DATASET SECTION |
>>>>

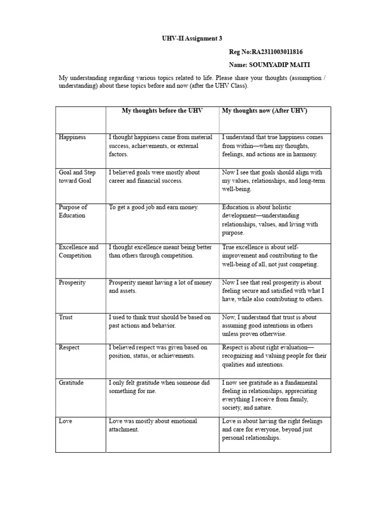 Course Feedback: The UHV course provided deep insights into life, relationships, and values that I
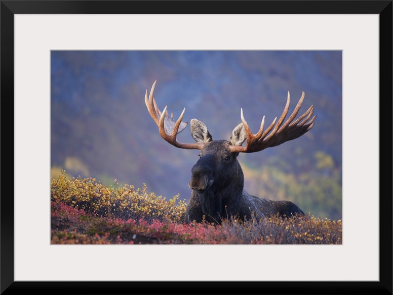 <p>Bull Moose Bedded Down During Autumn, Powerline Pass, Chugach State Park, Chugach Mountains, Alaska</p>
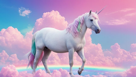 A mythical unicorn against a backdrop of fluffy clouds and a radiant rainbow
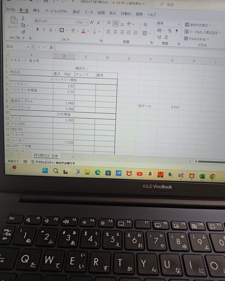 実は、ロボットを業者などに輸送依頼すると1ヶ月前に発送しないといけなかったり, 高額な輸送量(150万円程度)がかかるため, いつも手荷物で持って行っています。そのため、手荷物制限の23[kg]にパッキングしないといけなかったり, 自分の服などの荷物を少なくするなど, 重量の計算は重要な仕事の一つです

<<<<

REQUIRED WORK |
Everything in the data above, apart from the pictures, should be retyped exactly.

WRITTEN ANSWER |
 Course Feedback: The UHV course provided deep insights into life, relationships, and values that I
 <p>Bull Moose Bedded Down During Autumn, Powerline Pass, Chugach State Park, Chugach Mountains, Alaska</p>
 A mythical unicorn against a backdrop of fluffy clouds and a radiant rainbow
 実は、ロボットを業者などに輸送依頼すると1ヶ月前に発送しないといけなかったり, 高額な輸送量(150万円程度)がかかるため, いつも手荷物で持って行っています。そのため、手荷物制限の23[kg]にパッキングしないといけなかったり, 自分の服などの荷物を少なくするなど, 重量の計算は重要な仕事の一つです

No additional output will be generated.